8. The method of any one of claims 1 to 7, comprising outputting a comparison of one or more components of the best fit flux vector with reference values of the one or more components obtained from a reference population of subjects.

9. The method of any one of claims 1 to 8, wherein the medical condition comprises one or more diabetic complications.

10. The method of claim 9, wherein the one or more medical conditions comprise one or more ophthalmic complications and/or one or more cardiovascular complications.

11. The method of claim 10, wherein the one or more medical conditions comprise diabetic retinopathy, diabetic neuropathy, and/or coronary artery disease.

12. A method for identifying one or more biomarkers associated with a disease phenotype, the method comprising:

For a plurality of subjects, each subject having one or more status indicators corresponding to one or more respective disease phenotypes, obtaining data indicative of a plurality of respective metabolic digital twins, wherein each metabolic digital twins is generated by the method of any one of claims 1 to 11; and

Wherein the one or more biomarkers comprise one or more components of the flux vector that are statistically significantly associated with a corresponding disease phenotype.

13. A method for identifying metabolic flux patterns associated with disease phenotypes, the method comprising:

Obtaining, for a plurality of subjects, each subject having one or more status indicators corresponding to one or more respective disease phenotypes, crowd data indicative of respective flux vectors for a plurality of respective metabolic digital twins, wherein each metabolic digital twins is generated by the method of any one of claims 1 to 11;

Clustering the crowd data to generate a plurality of clusters;

For each of the one or more pairwise combined tests, calculating a difference between the median flux vector of the subjects in the respective first cluster and the median flux vector of the subjects in the respective second cluster.

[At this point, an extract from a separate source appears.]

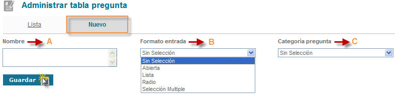 Al ingresar el usuario encontrara dos filtros que le facilitaran la búsqueda de las preguntas por formato de entrada y categoría de pregunta, a su vez la puede buscar por texto o selección alfanumérico.

14. A method for predicting the progression of a medical condition in a subject, the method comprising:

Generating metabolic digital twinning of the subject by the method of any one of claims 1 to 11; and

Outputting a comparison of one or more components of the best fit flux vector of the metabolic digital twin to one or more corresponding components of the metabolic digital twin flux vector of a subject reference population;

wherein the comparison indicates progression of the medical condition of the subject relative to the reference population.

15. The method of claim 14, wherein the metabolic digital twinning of the reference population is generated by the method of any one of claims 1 to 11.

16. A system for generating metabolic digital twinning of a subject for clinical decision support associated with a medical condition, the system comprising:

A memory; and

At least one processor in communication with the memory;

Wherein the memory comprises machine readable instructions for causing the at least one processor to perform the method according to any one of claims 1 to 11.

17. A system for identifying one or more biomarkers associated with a disease phenotype, the system comprising:

A memory; and

At least one processor in communication with the memory;

wherein the memory comprises machine readable instructions for causing the at least one processor to perform the method of claim 12.

18. A system for identifying metabolic flux patterns associated with disease phenotypes, the system comprising: a memory; and

At least one processor in communication with the memory;

Wherein the memory comprises machine readable instructions for causing the at least one processor to perform the method of claim 13.

19. A system for predicting the progression of a medical condition in a subject, the system comprising:

A memory; and

At least one processor in communication with the memory;

Wherein the memory includes machine readable instructions for causing the at least one processor to perform the method of claim 14.

20. A non-transitory computer readable memory storing instructions for causing at least one processor to perform the method of any one of claims 1 to 14.